● **WHAT YOU NEED TO DO**
Transcribe word for word the section of the records below that opens with the line containing "Pedagang di Pasar" and closes with the line containing "Везде на полу ламина"; drop every picture.

● **RECORD SET**

□ □ □

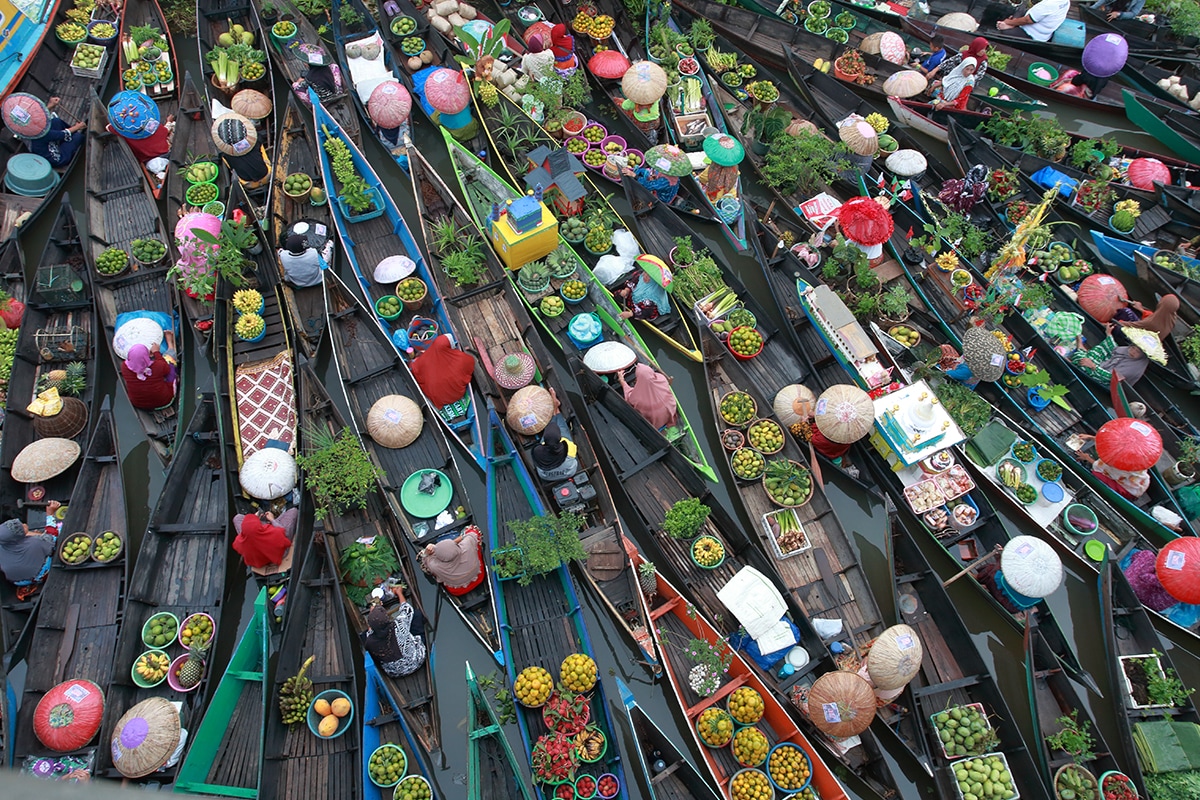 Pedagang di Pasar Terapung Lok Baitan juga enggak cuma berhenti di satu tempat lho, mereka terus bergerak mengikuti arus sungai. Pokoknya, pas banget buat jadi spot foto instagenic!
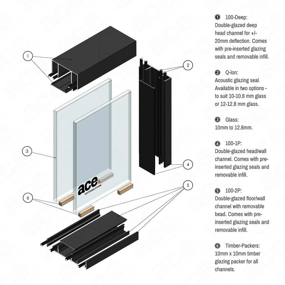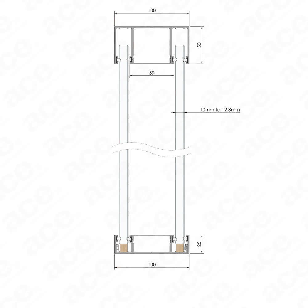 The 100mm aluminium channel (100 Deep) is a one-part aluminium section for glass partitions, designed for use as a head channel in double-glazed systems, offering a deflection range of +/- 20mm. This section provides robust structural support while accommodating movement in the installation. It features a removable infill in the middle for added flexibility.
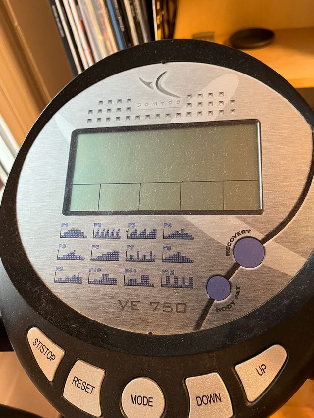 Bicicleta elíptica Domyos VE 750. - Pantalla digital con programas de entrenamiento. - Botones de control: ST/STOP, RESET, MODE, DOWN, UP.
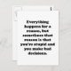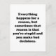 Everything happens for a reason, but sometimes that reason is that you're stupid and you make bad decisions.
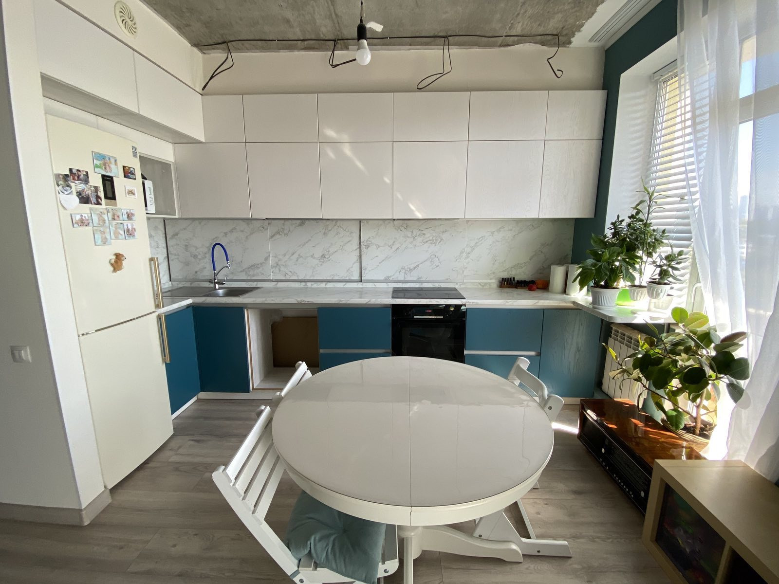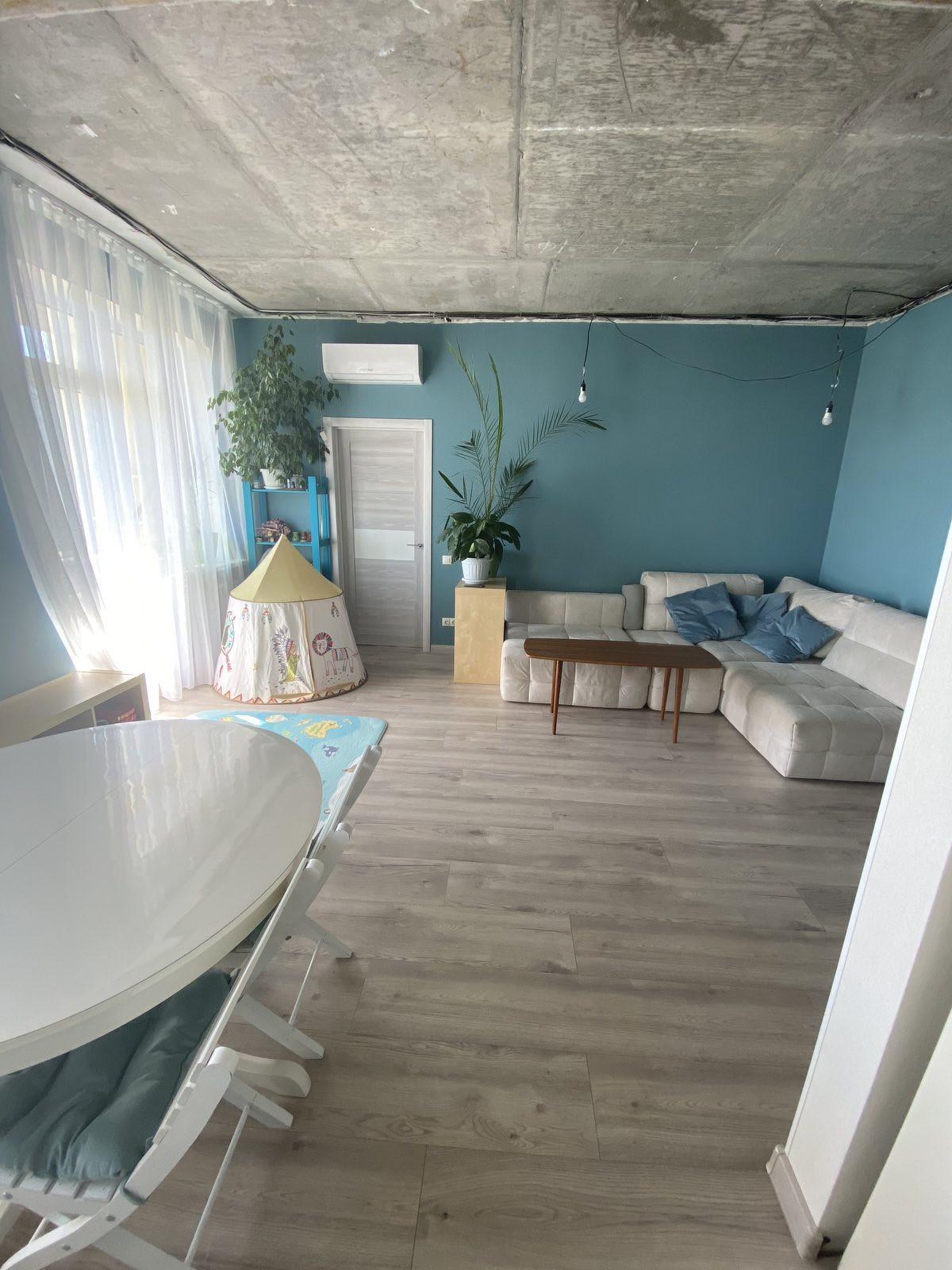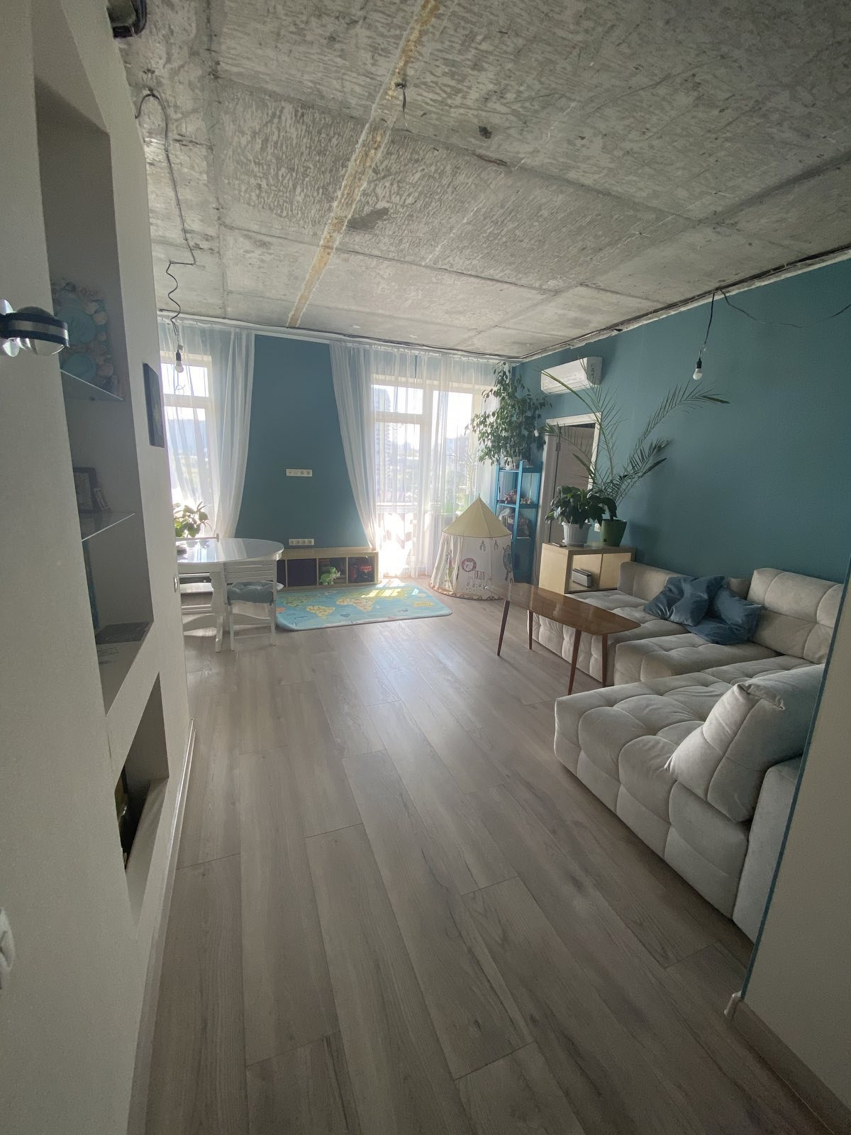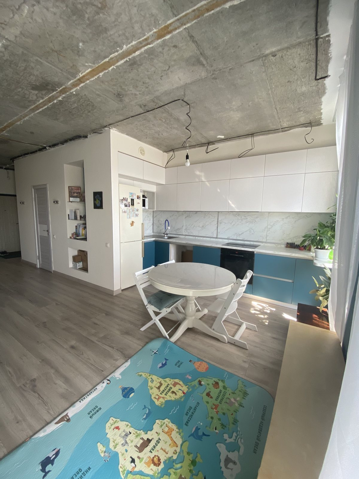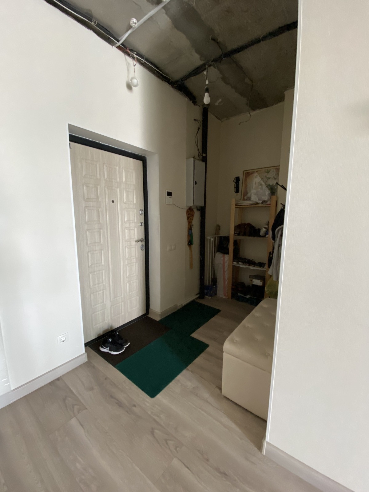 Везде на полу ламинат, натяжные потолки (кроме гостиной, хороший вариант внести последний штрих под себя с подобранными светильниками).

□ □ □

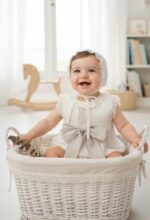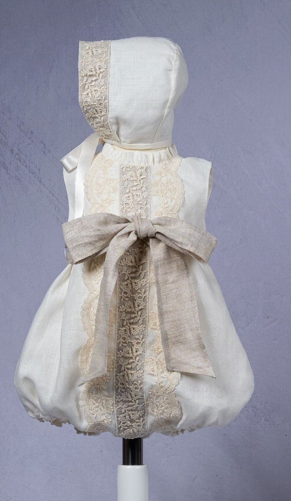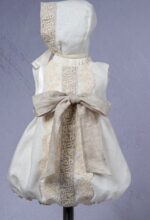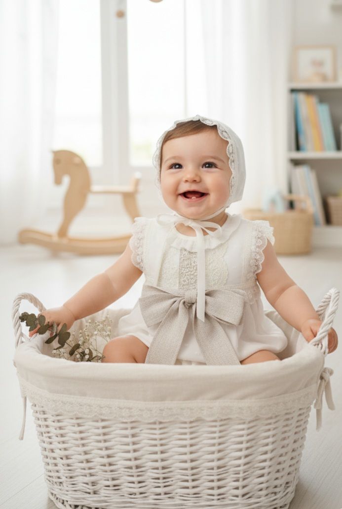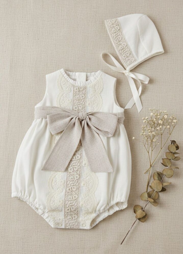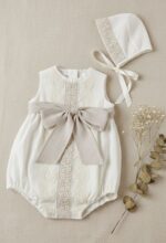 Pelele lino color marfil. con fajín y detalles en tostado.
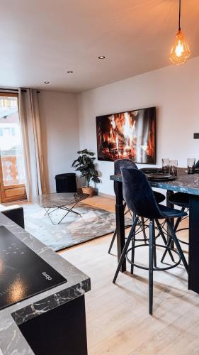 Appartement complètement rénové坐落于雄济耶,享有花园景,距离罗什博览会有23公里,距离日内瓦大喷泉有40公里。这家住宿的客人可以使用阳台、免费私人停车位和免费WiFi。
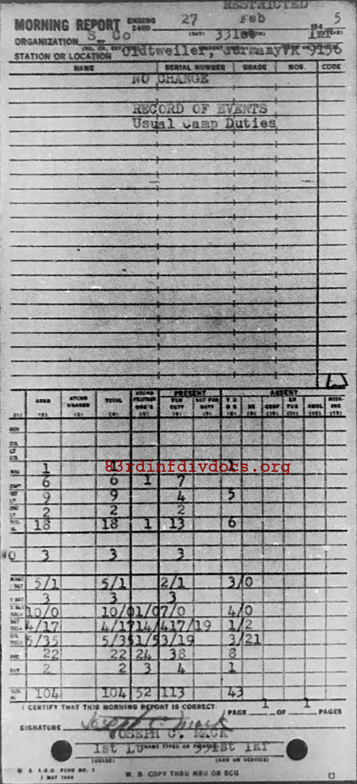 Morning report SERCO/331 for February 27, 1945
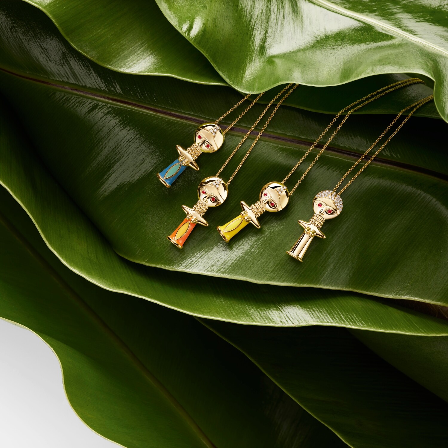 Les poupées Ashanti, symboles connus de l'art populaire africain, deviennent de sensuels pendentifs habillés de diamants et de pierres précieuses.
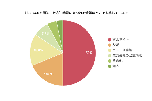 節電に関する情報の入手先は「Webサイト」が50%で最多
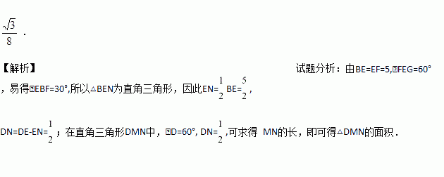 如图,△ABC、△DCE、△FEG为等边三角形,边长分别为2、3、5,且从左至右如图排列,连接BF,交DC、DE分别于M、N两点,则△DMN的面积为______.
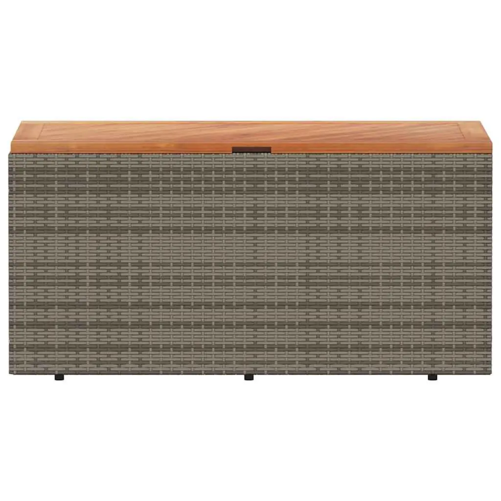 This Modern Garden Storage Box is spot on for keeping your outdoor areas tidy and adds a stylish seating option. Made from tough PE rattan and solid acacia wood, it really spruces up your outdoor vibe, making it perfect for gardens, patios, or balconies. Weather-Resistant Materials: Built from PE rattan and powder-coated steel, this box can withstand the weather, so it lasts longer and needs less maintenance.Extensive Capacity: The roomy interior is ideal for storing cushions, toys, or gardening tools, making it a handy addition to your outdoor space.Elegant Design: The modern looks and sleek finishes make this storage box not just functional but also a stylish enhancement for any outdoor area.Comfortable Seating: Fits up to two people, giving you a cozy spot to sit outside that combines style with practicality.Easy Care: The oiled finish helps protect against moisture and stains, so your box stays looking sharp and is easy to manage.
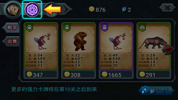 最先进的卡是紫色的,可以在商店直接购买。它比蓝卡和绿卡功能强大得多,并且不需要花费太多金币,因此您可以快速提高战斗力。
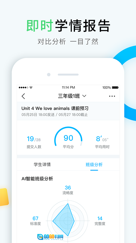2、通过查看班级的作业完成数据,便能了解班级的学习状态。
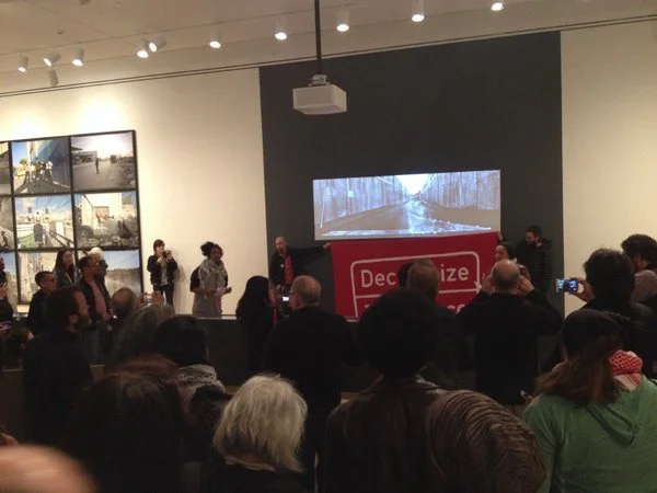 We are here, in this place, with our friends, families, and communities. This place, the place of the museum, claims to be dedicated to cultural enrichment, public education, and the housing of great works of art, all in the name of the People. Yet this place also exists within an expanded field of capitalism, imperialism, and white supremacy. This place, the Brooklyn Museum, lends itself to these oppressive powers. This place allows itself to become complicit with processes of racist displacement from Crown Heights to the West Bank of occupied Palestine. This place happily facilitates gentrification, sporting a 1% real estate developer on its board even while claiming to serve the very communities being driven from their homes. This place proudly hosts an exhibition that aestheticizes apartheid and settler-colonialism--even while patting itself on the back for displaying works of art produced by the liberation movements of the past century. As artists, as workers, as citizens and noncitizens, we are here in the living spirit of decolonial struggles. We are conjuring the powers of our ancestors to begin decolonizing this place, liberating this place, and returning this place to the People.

□ □ □

● **ANSWER FOR THIS EXERCISE**
 Pedagang di Pasar Terapung Lok Baitan juga enggak cuma berhenti di satu tempat lho, mereka terus bergerak mengikuti arus sungai. Pokoknya, pas banget buat jadi spot foto instagenic!
 The 100mm aluminium channel (100 Deep) is a one-part aluminium section for glass partitions, designed for use as a head channel in double-glazed systems, offering a deflection range of +/- 20mm. This section provides robust structural support while accommodating movement in the installation. It features a removable infill in the middle for added flexibility.
 Bicicleta elíptica Domyos VE 750. - Pantalla digital con programas de entrenamiento. - Botones de control: ST/STOP, RESET, MODE, DOWN, UP.
 Everything happens for a reason, but sometimes that reason is that you're stupid and you make bad decisions.
 Везде на полу ламинат, натяжные потолки (кроме гостиной, хороший вариант внести последний штрих под себя с подобранными светильниками).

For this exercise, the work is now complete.